Abstract

A molecular hybridization approach was used to construct and develop a variety of new bis-thiazoles coupled to benzofuran or benzothiazole moieties as anticancer drugs. The target compounds 6a-f and 7a-f were synthesized by reacting the respective bis-thiosemicarbazones 5a–f with bromoacetylbenzofuran or bromoacetybenzothiazole. Several analytical and spectroscopic techniques were used to characterize all of the products. Using the MTT assay, compounds 6a-f and 7a-f were tested for cytotoxicity against three human tumor cell lines: hepatocellular carcinoma (HEPG-2), colorectal carcinoma colon cancer (HCT-116), and human breast cancer (MCF7). The results showed that 6c and 7e had strong antitumor activity against HePG2, MCF7, and HCT-116, with IC50 values of 6.89, 9.94, and 12.67 µM for 6c and 8.37, 7.31, and 24.86 µM for 7e, respectively, when compared to the standard reference drug, doxorubicin (IC50 =5.50, 5.23 and 8.87 µM, respectively). The most active drugs' enzyme inhibition and cell cycle apoptosis properties were investigated further. Compound 6c's apoptotic and necrotic properties were promising.
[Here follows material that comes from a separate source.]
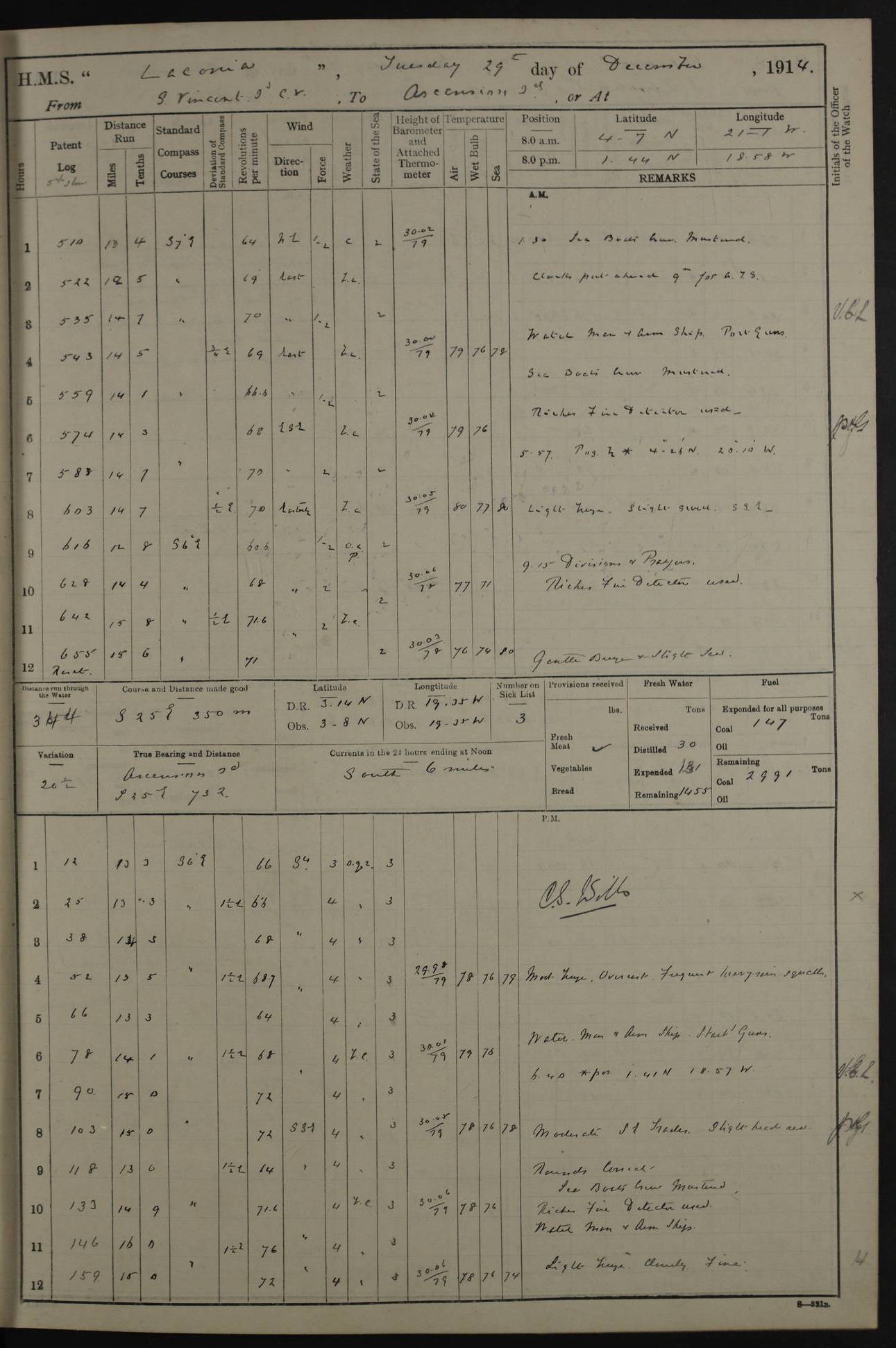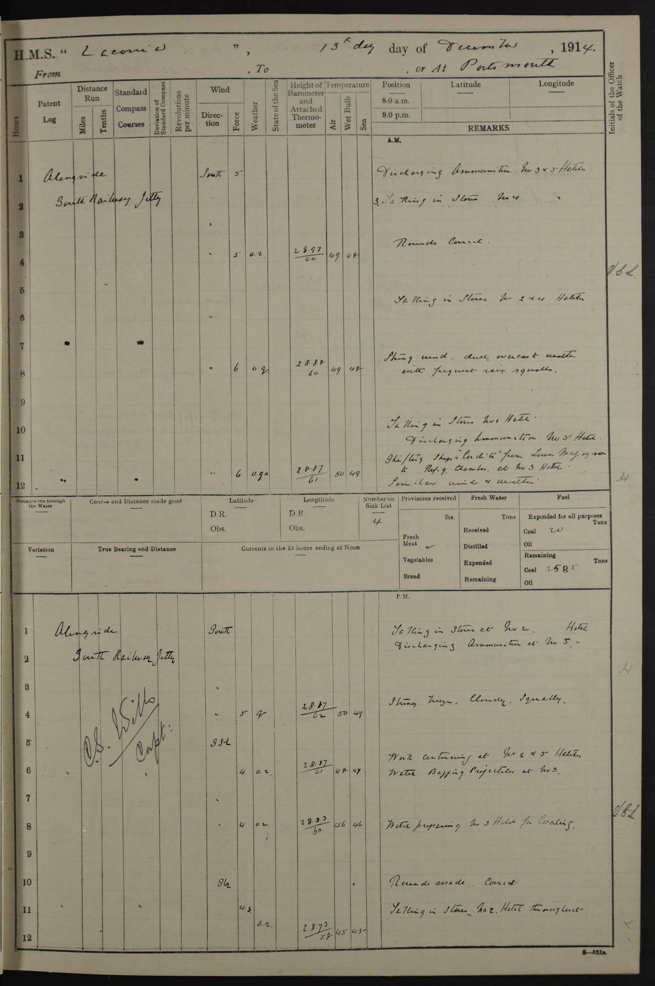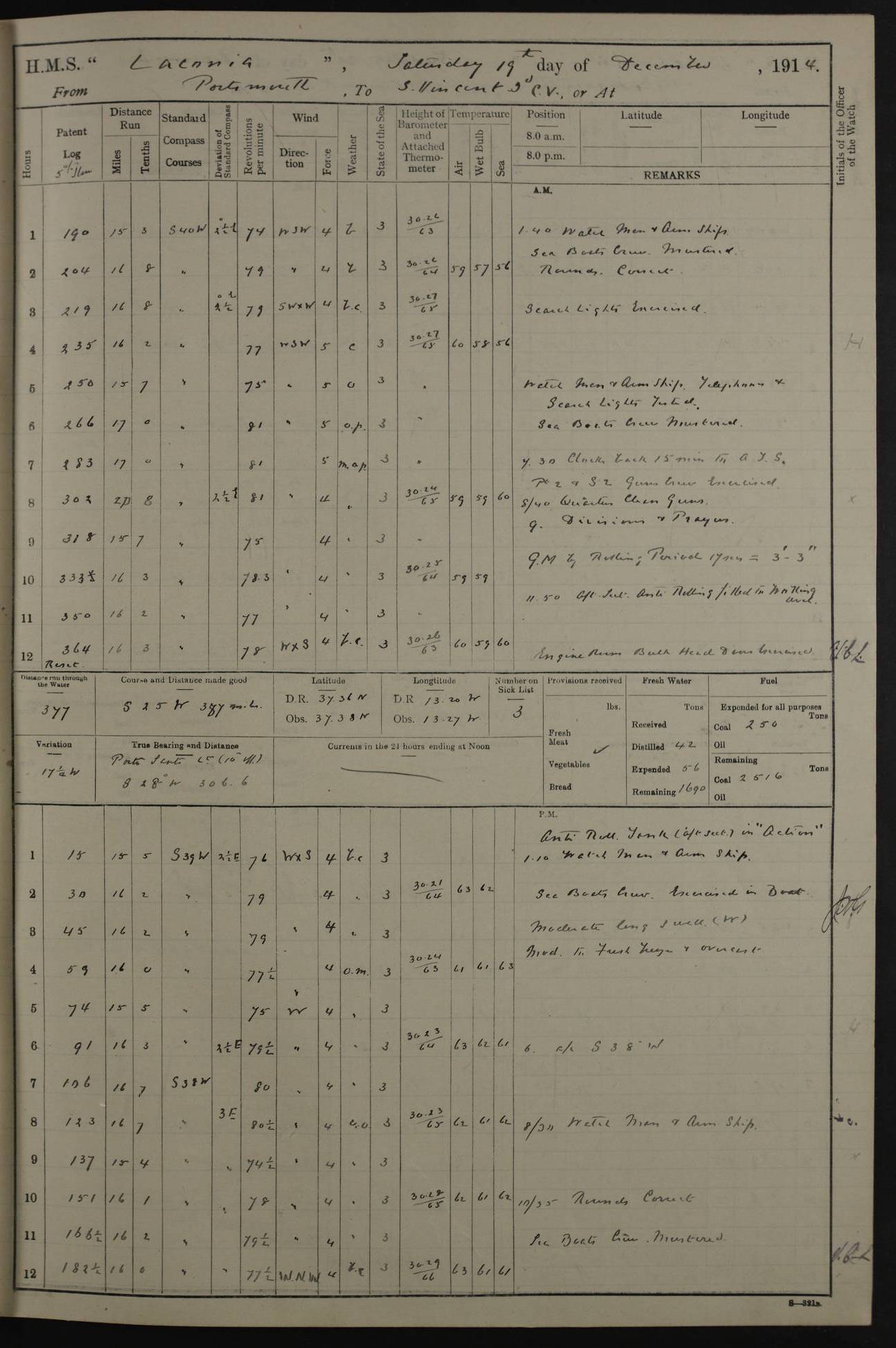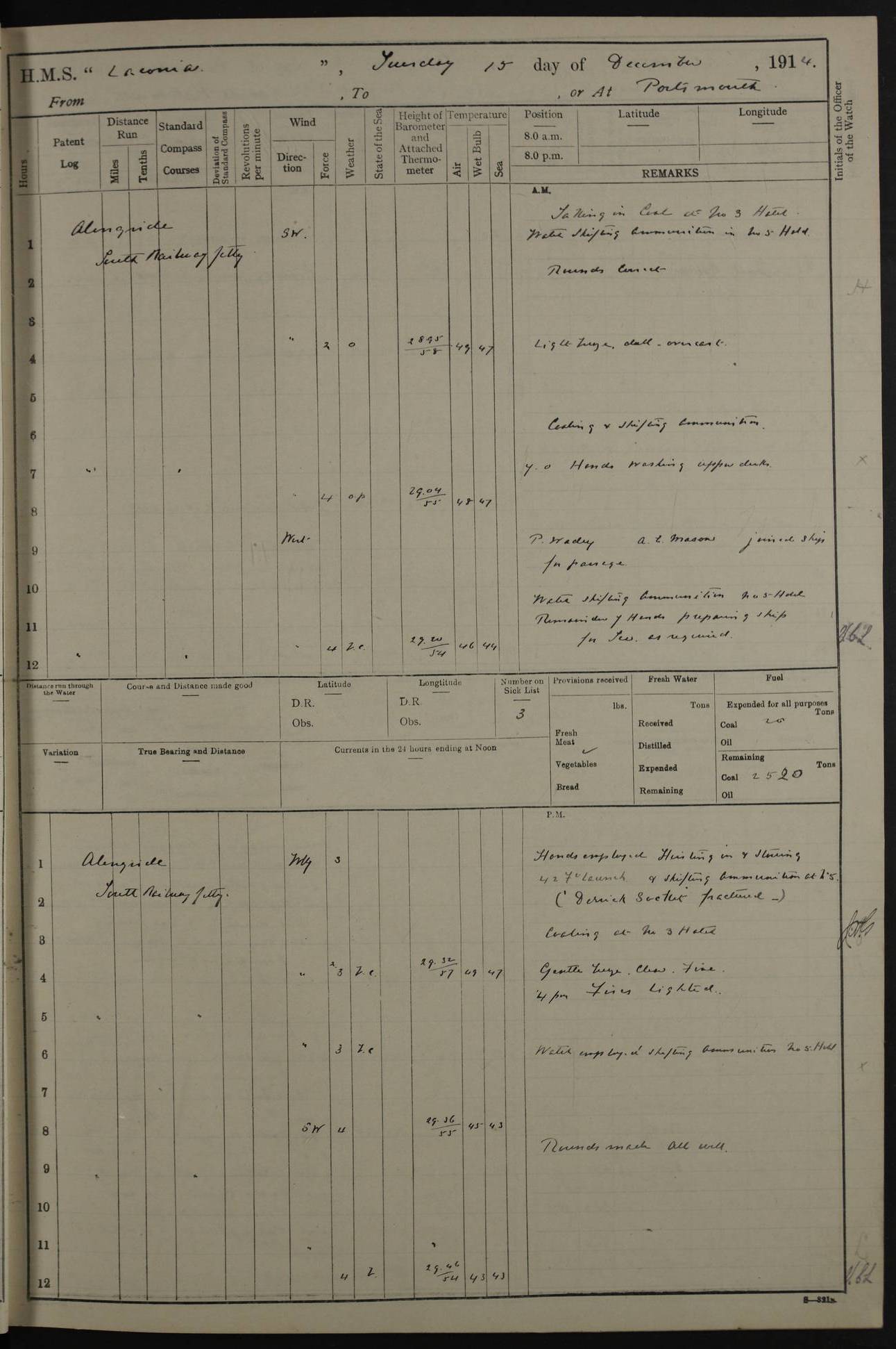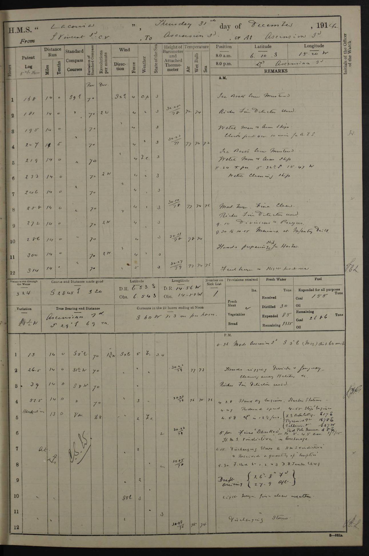 LOGS FOR NOVEMBER 1914 [Liverpool and Portsmouth] 4ef4f6dce53e0a0c910022f7: (https://s3.amazonaws.com:443/oldweather/ADM53-45875/0005_0.jpg) 24 November 1914 Liverpool Lat 53.43, Long -3.0 9.00am: Broke pendant, ship commissioned by Captain CS Wills as armed merchant cruiser with crew from Chatham depôt. 10.30am: Crew employed hoisting in and stowing stores, ammunition, projectiles etc. 1.30pm: Fires lit and engine room telegraph tested. Steering gear examined. 4ef4f6dce53e0a0c910022f8: (https://s3.amazonaws.com:443/oldweather/ADM53-45875/0005_1.jpg) 25 November 1914 Liverpool Lat 53.43, Long -3.0 8.00am: Hands taking in stores. 11.45am: Singled up moorings. 12.50pm: Left berth in Huskisson Dock assisted by three tugs. 1.35pm: Made fast in Sandon Basin. 4ef4f6dde53e0a0c910022f9: (https://s3.amazonaws.com:443/oldweather/ADM53-45875/0006_0.jpg) 26 November 1914 Liverpool and at sea towards Portsmouth Lat 53.55, Long -3.37 8.00am: Tested gun mountings. Compass adjusted by Lt Furse, compass adjuster. Draught on leaving 24’ 42” for’d, 26’ 10” aft. Coal 3,205 tons. Noon: Proceeded on passage. 2.49pm: Dropped pilot to pilot boat off Point Lynas. Proceeded full speed. 3.32pm: Middle Mouse I. abeam, 1.25 miles. Weather: West wind f 6 with squally showers. 4ef4f6dde53e0a0c910022fa: (https://s3.amazonaws.com:443/oldweather/ADM53-45875/0006_1.jpg) 27 November 1914 At sea Lat 49.95, Long -4.85 12.50am: Smalls Lt abeam 3 miles, a/c S24W. 8.00am: Pos. 50º 20’N, 5º 25’W. 9.10am: Longships Lt abeam 3 miles, a/c S60E. 11.10am: Lizard Lt abeam 4 miles, a/c S38E. Noon: Courses & DMG, various 294.5 miles, coasting. 1.10pm: Eddystone Lt bg N49E(t). 2.08pm: Same abeam 7 miles. 2.35pm: Start Pt Lt bg N64E(t) 3.54pm: Same abeam, 5 miles. 6.12pm: Portland Bill Lt bg Lt N53E(m) 7.17pm: Same abeam, 11 miles. 8.00pm: Pos 50º 22’N, 2º 08’W. 10.05pm: Needles Lt bg N80E 11.00pm: St Catherine’s Pt Lt abeam 3.5 miles. 4ef4f6dde53e0a0c910022fb: (https://s3.amazonaws.com:443/oldweather/ADM53-45875/0007_0.jpg) 28 November 1914 At sea to Portsmouth Lat 50.81, Long -1.11 12.46am: Passed Warrior LV and anchored. 7.10am: Weighed, pilot boarded. 7.46am: Anchored, awaiting permission to enter harbour. 8.30am: Weighed and proceeded. 9.15am: Secured alongside South Railway jetty. Drew fires in five boilers, banked fires in remainder. Noon: Courses & DMG, various 164.5 miles to anchorage. 4ef4f6dde53e0a0c910022fc: (https://s3.amazonaws.com:443/oldweather/ADM53-45875/0007_1.jpg) 29 November 1914 Portsmouth Lat 50.81, Long -1.11 9.05am: Commenced loading ammunition. 4ef4f6dee53e0a0c910022fd: (https://s3.amazonaws.com:443/oldweather/ADM53-45875/0008_0.jpg) 30 November 1914 Portsmouth Lat 50.81, Long -1.11 3.25am: Ceased work at No 3 hold, barge unloaded. 9.15am: Commenced loading victualling stores. 10.30am: Resumed loading ammunition. Work continuing throughout the night. LOGS FOR DECEMBER 1914 [Portsmouth, St Vincent and Ascension I.] 4ef4f6dee53e0a0c910022fe: (https://s3.amazonaws.com:443/oldweather/ADM53-45875/0008_1.jpg) 1 December 1914 Portsmouth Lat 50.81, Long -1.11 Receiving ammunition and victualling stores throughout the day and night. Sick list: 5. Weather: Strong winds, W or SW, f 7 at times in the am, f 4 in the pm, with some rain showers, 50º to 55º F. 4ef4f6dfe53e0a0c910022ff: (https://s3.amazonaws.com:443/oldweather/ADM53-45875/0009_0.jpg) 2 December 1914 Portsmouth Lat 50.81, Long -1.11 Hoisting in and stowing naval stores throughout the 24 hours. 4ef4f6dfe53e0a0c91002300: (https://s3.amazonaws.com:443/oldweather/ADM53-45875/0009_1.jpg) 3 December 1914 Portsmouth Lat 50.81, Long -1.11 Continuing to load stores throughout the 24 hours, with breaks for strong weather, SW winds up to f 7 with showers. 4ef4f6e0e53e0a0c91002303: (https://s3.amazonaws.com:443/oldweather/ADM53-45875/0011_0.jpg) 4 December 1914 Portsmouth Lat 50.81, Long -1.11 Taking in stores. 1.40pm: Ceased work at aft hatches owing to bad weather [force 8, squalls and rain]. 11.30pm: Escort with prisoner arrived on board. 4ef4f6e0e53e0a0c91002304: (https://s3.amazonaws.com:443/oldweather/ADM53-45875/0011_1.jpg) 5 December 1914 Portsmouth Lat 50.81, Long -1.11 Taking in stores and ammunition. 4ef4f6e0e53e0a0c91002305: (https://s3.amazonaws.com:443/oldweather/ADM53-45875/0012_0.jpg) 6 December 1914 Portsmouth Lat 50.81, Long -1.11 7.05am: AB Jones brought on board by escort. Taking in stores. 9.30pm: Ceased work for heavy rain. 4ef4f6e0e53e0a0c91002306: (https://s3.amazonaws.com:443/oldweather/ADM53-45875/0012_1.jpg) 7 December 1914 Portsmouth Lat 50.81, Long -1.11 Taking in stores in between rain showers. 9.00am: Exercised S2 and P2 guns. Hands overhauling boats etc. 4ef4f6e1e53e0a0c91002307: (https://s3.amazonaws.com:443/oldweather/ADM53-45875/0013_0.jpg) 8 December 1914 Portsmouth Lat 50.81, Long -1.11 Taking in stores. 9.00am: Gun crews at gun drill and loader exercises. 4ef4f6e1e53e0a0c91002308: (https://s3.amazonaws.com:443/oldweather/ADM53-45875/0013_1.jpg) 9 December 1914 Portsmouth. Lat 50.81, Long -1.11 Taking in stores. 2.00pm: Discharged Lt/Cdr Masson [?] to HMS Pembroke. Lt/Cdr Bowles joined ship. 7.45pm: One Marine from Chatham HQ joined the ship. 10.30pm: Stopped receiving stores and covered hatches owing to heavy rain. 4ef4f6e1e53e0a0c91002309: (https://s3.amazonaws.com:443/oldweather/ADM53-45875/0014_0.jpg) 10 December 1914 Portsmouth Lat 50.81, Long -1.11 Taking in stores. 5.30pm: Guard with prisoner returned from Barracks. 4ef4f6e1e53e0a0c9100230a: (https://s3.amazonaws.com:443/oldweather/ADM53-45875/0014_1.jpg) 11 December 1914 Portsmouth Lat 50.81, Long -1.11 In am: Taking in stores. 2.00pm: Stopped all work at hatches. Heavy continuous rain. 5.00pm: One ERA and three stokers joined ship. 7.00pm: Resumed work. 4ef4f6e2e53e0a0c9100230b: (https://s3.amazonaws.com:443/oldweather/ADM53-45875/0015_0.jpg) 12 December 1914 Portsmouth Lat 50.81, Long -1.11 Taking in stores. Discharging cordite and projectiles. 4ef4f6e2

P53 and cyclinB1 gene expressions were also examined using Western Blot to investigate changes in apoptosis and cell cycle-related protein expression. The results showed up-regulation of P53 and down-regulation of cyclinB1 and were found to be inconsistent with those obtained by chemotherapeutics sorafenib, fluorouracil, and methotrexate. Interestingly, the molecular docking study indicated that chemicals 6c, 6d, and 7e could all be lodged in the active pocket of the 4JPS enzyme via various interactions.